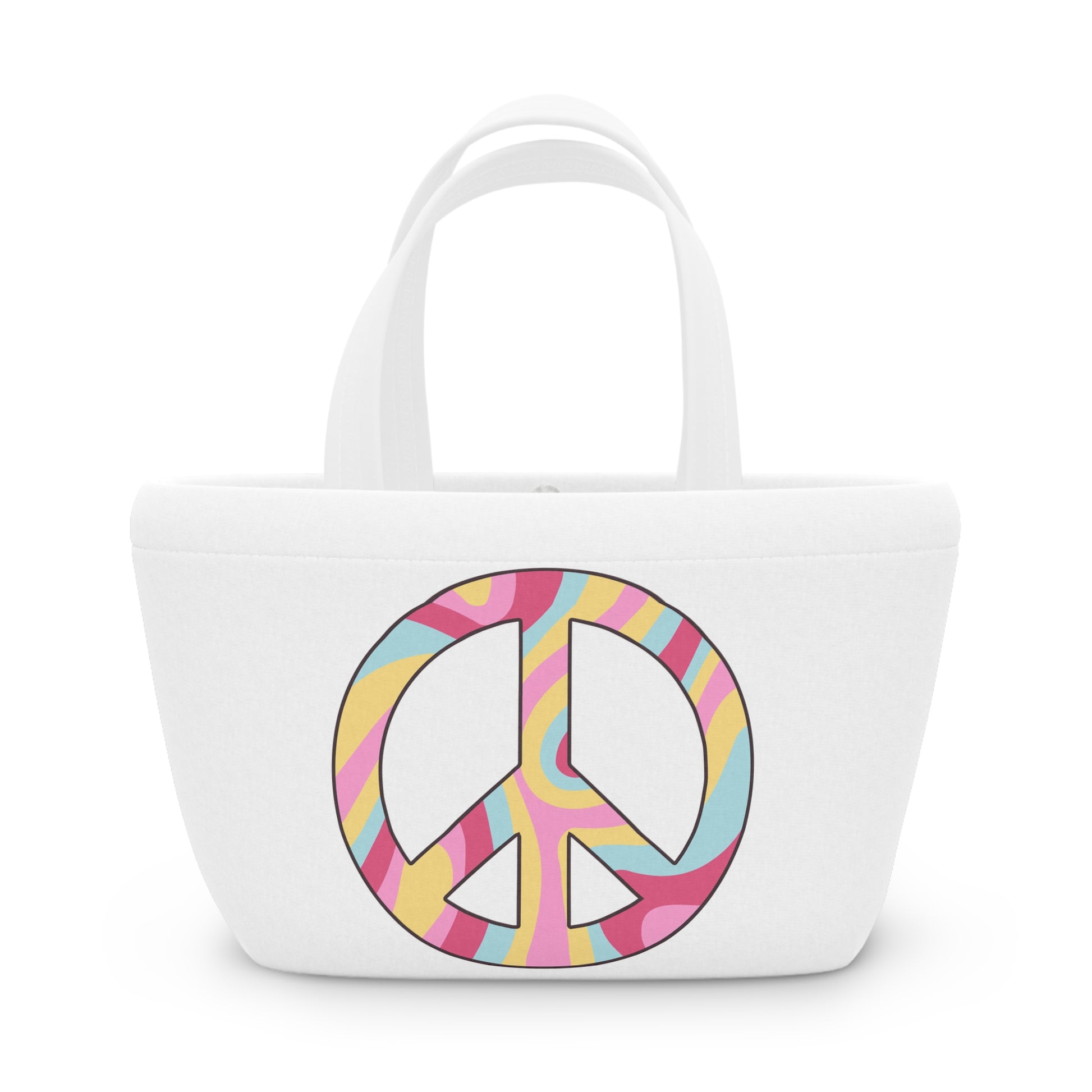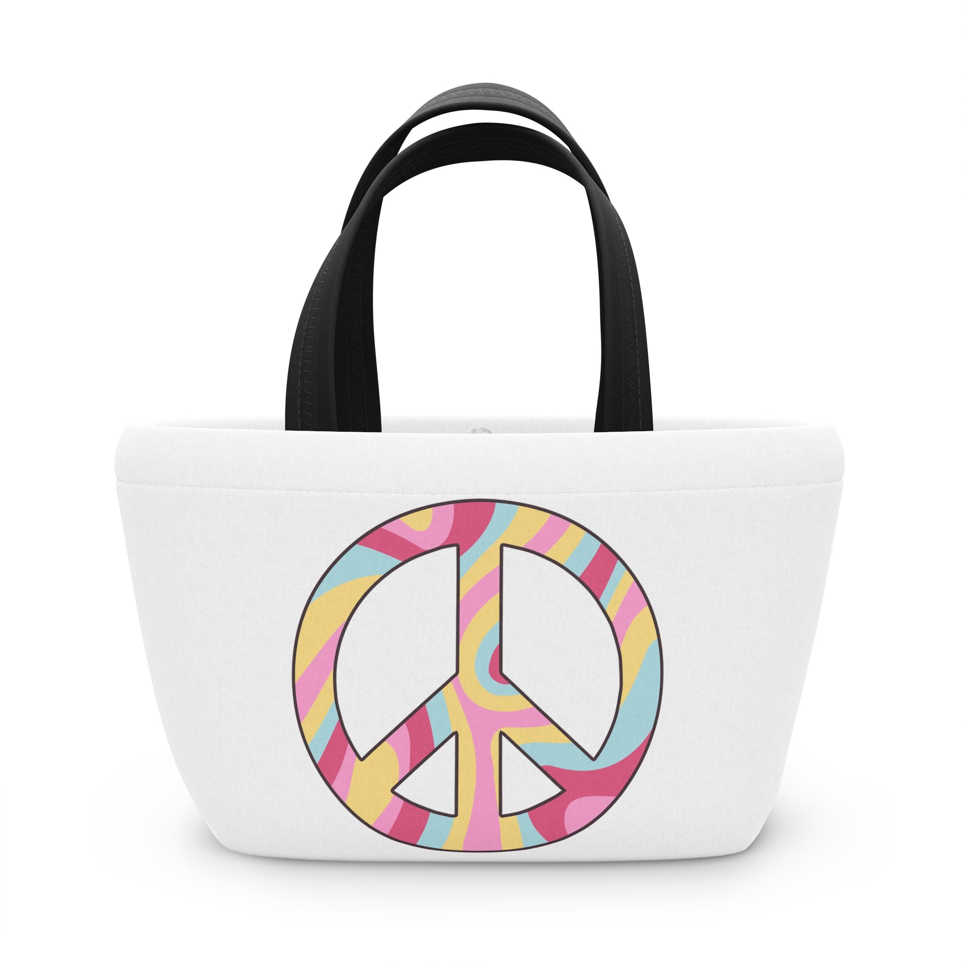 Made from 100% neoprene (95% polyester, 5% spandex), this bohemian lunch bag is soft, durable, and ready to hold your favorite meals or snacks. The vivid hippie peace sign artwork stands out brilliantly against the clean white bag base, while the black or white handle options let you personalize your look.
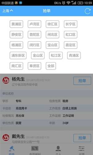 【抢订单】海量办卡订单任你选,透露部分非关键信息助你挑单。完成抢单后,可获取完整用户信息:学历、工作证明、单位性质、社保情况、年龄……
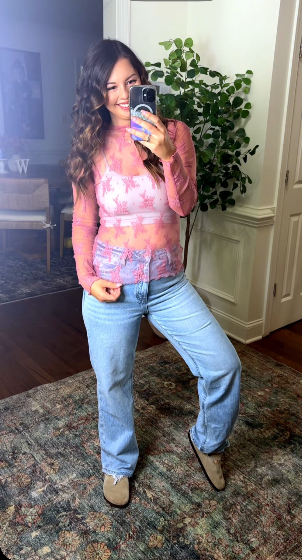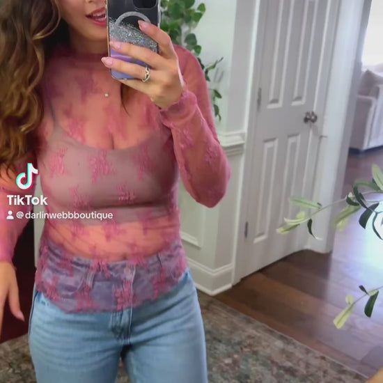 This beautiful lace mesh top is featured in a cocoa brown making this perfect for fall! Pair this under a graphic tee, under a sweater vest as pictured, or alone!
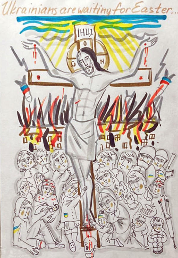 In the opening days of the Russian invasion, Krekhovets began making quick sketches, capturing her impressions of daily events in the war. This artistic diary became for her "a powerful tool to keep the emotions in balance, support endurance, and affirm faith in the victory of truth and goodness." Mixed media illustrations now in the collection show children enclosed in a heart against incoming Russian missiles, the victims of the Russian bombing of a Mariupol Theater in March 2022 where they had taken shelter. In the days when the fate of the Kyiv hung the balance, Krekohvets depicted Michael the Archangel, the patron saint of the Ukrainian capital, offering protection to its citizens and defending forces. Her poster for a workshop of Ukrainian artists--some refugees of occupied cities--championed wartime art-making "at the border between past and future." The Passion of Christ becomes the Passion of Ukraine in the drawing, Ukrainians Are Waiting for Easter.
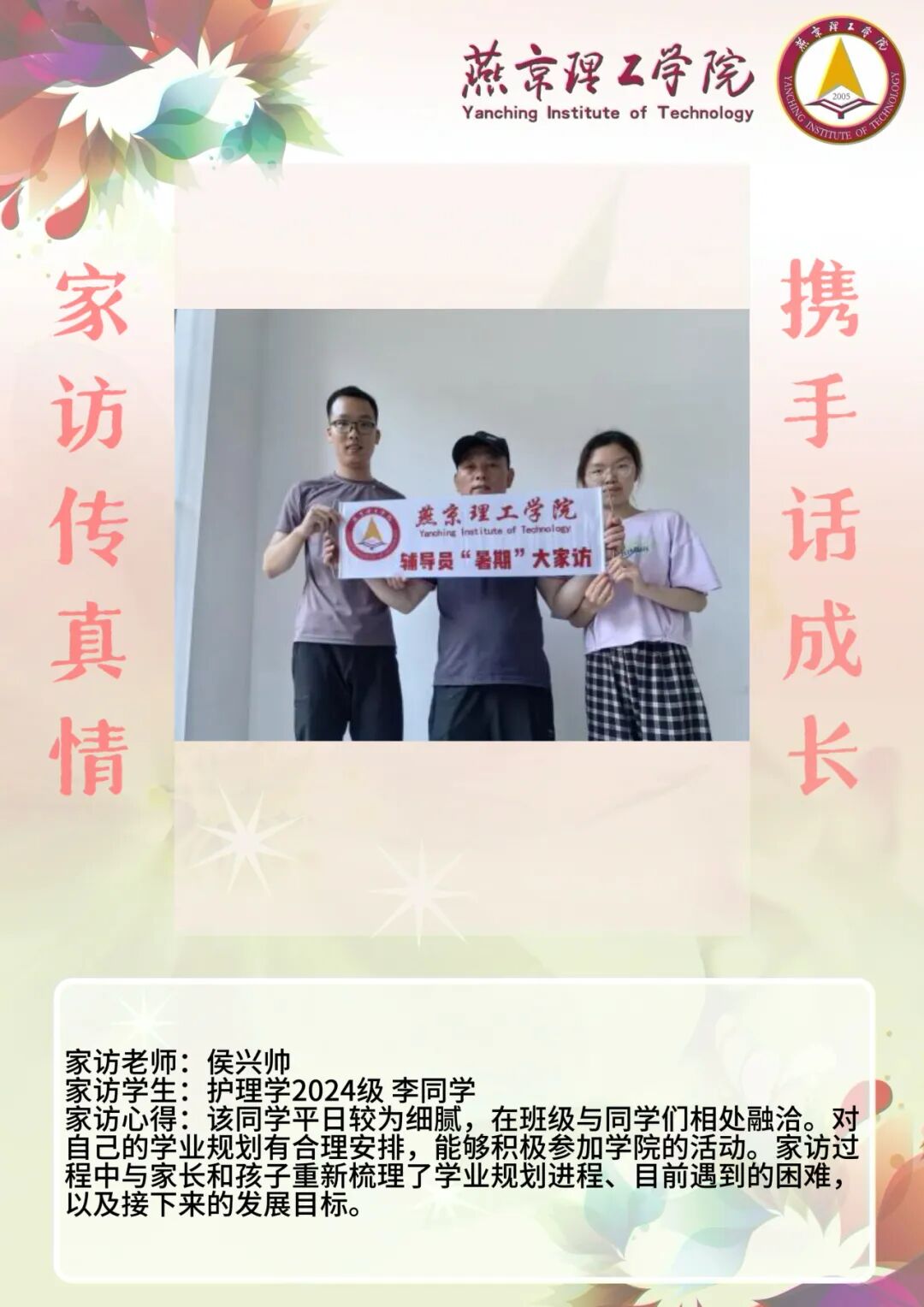 通过“大家访”活动,加强学校与家长的沟通交流,全面了解学生的成长路径与未来发展规划,用心用情解决好学生的实际问题,持续构建家校合力育人的良好局面,增强思想政治教育工作的针对性、实效性,促进学生健康全面成长成才。
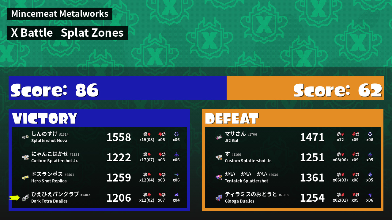 | Mode | Splat Zones - X Battle | ||
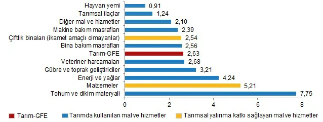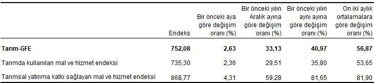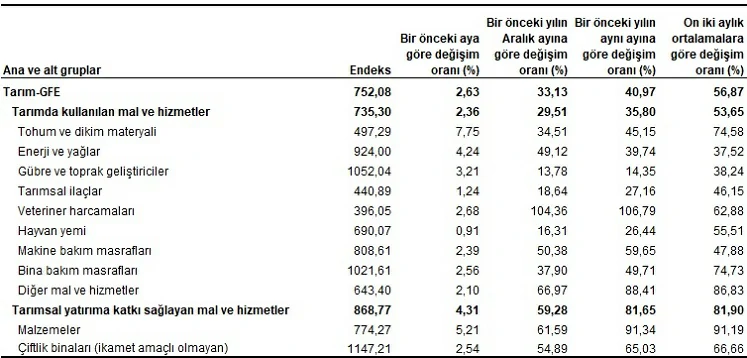 Ana gruplarda bir önceki aya göre, tarımda kullanılan mal ve hizmet endeksinde %2,36, tarımsal yatırıma katkı sağlayan mal ve hizmet endeksinde %4,31 artış gerçekleşti. Bir önceki yılın aynı ayına göre göre tarımda kullanılan mal ve hizmet endeksinde %35,80, tarımsal yatırıma katkı sağlayan mal ve hizmet endeksinde %81,65 artış gerçekleşti.
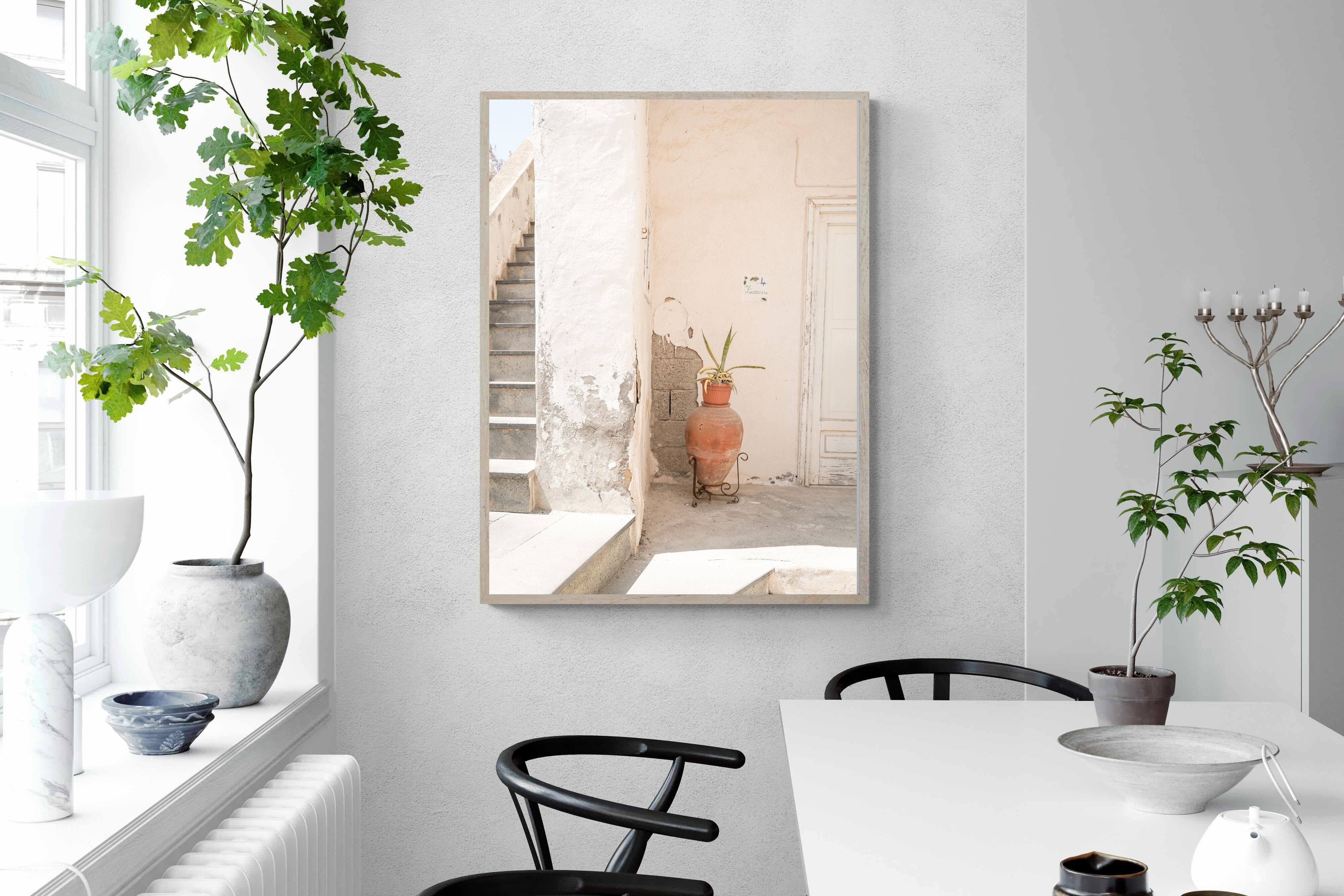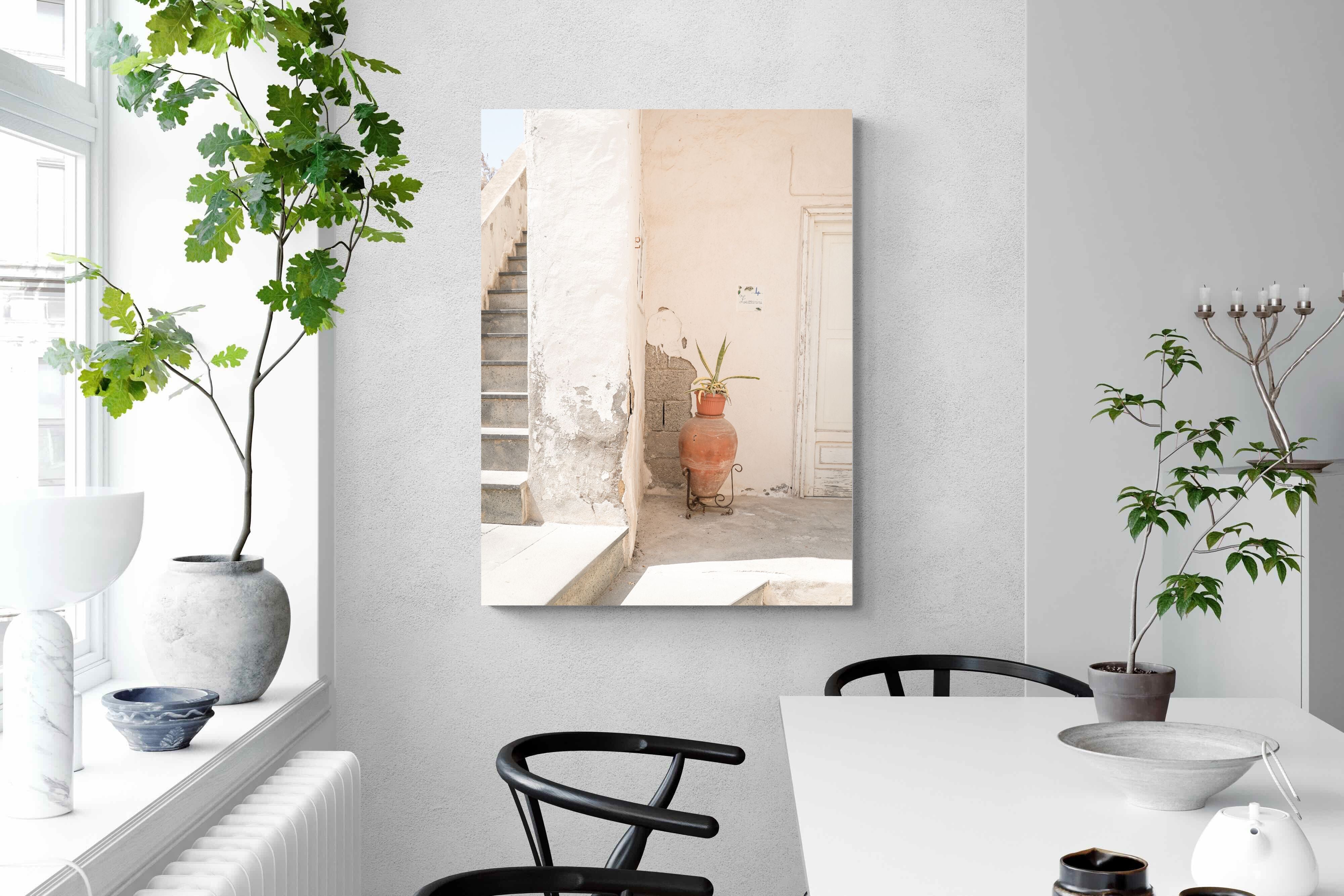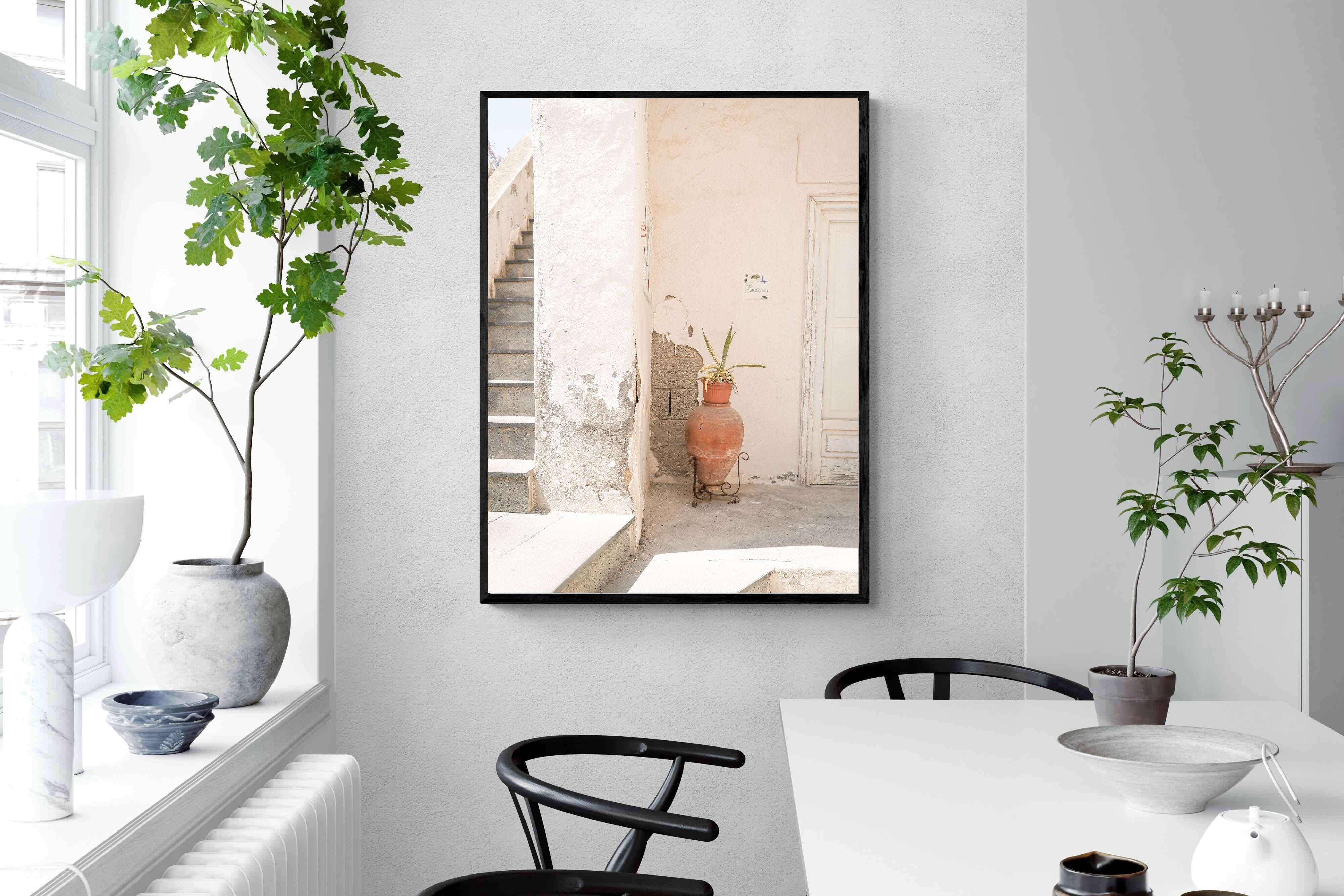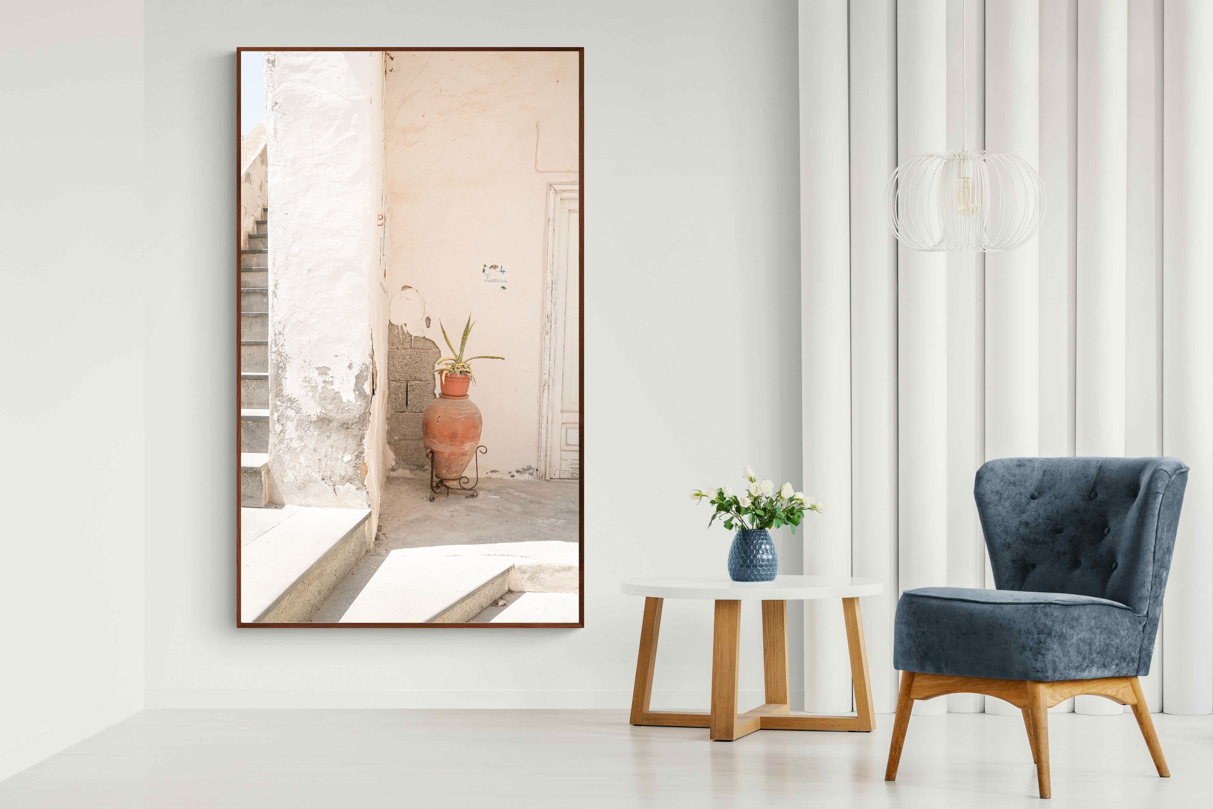 Terracotta Pot celebrates sunlit architectural detail, pairing textured plaster walls with a classic clay urn and soft green foliage. The interplay of warm neutrals and natural materials evokes relaxed Mediterranean living. Subtle light and shadow enhance the aged surfaces, creating a refined yet informal composition. Perfect for kitchens, entryways or modern rustic interiors, this artwork brings warmth, authenticity and effortless European charm into any thoughtfully styled space.

---------------

### Directions for this task
Leave the pictures out and output exactly the lines above, from the start of the listing through the line with "This beautiful lace".

### Answer for the task
 Made from 100% neoprene (95% polyester, 5% spandex), this bohemian lunch bag is soft, durable, and ready to hold your favorite meals or snacks. The vivid hippie peace sign artwork stands out brilliantly against the clean white bag base, while the black or white handle options let you personalize your look.
 【抢订单】海量办卡订单任你选,透露部分非关键信息助你挑单。完成抢单后,可获取完整用户信息:学历、工作证明、单位性质、社保情况、年龄……
 This beautiful lace mesh top is featured in a cocoa brown making this perfect for fall! Pair this under a graphic tee, under a sweater vest as pictured, or alone!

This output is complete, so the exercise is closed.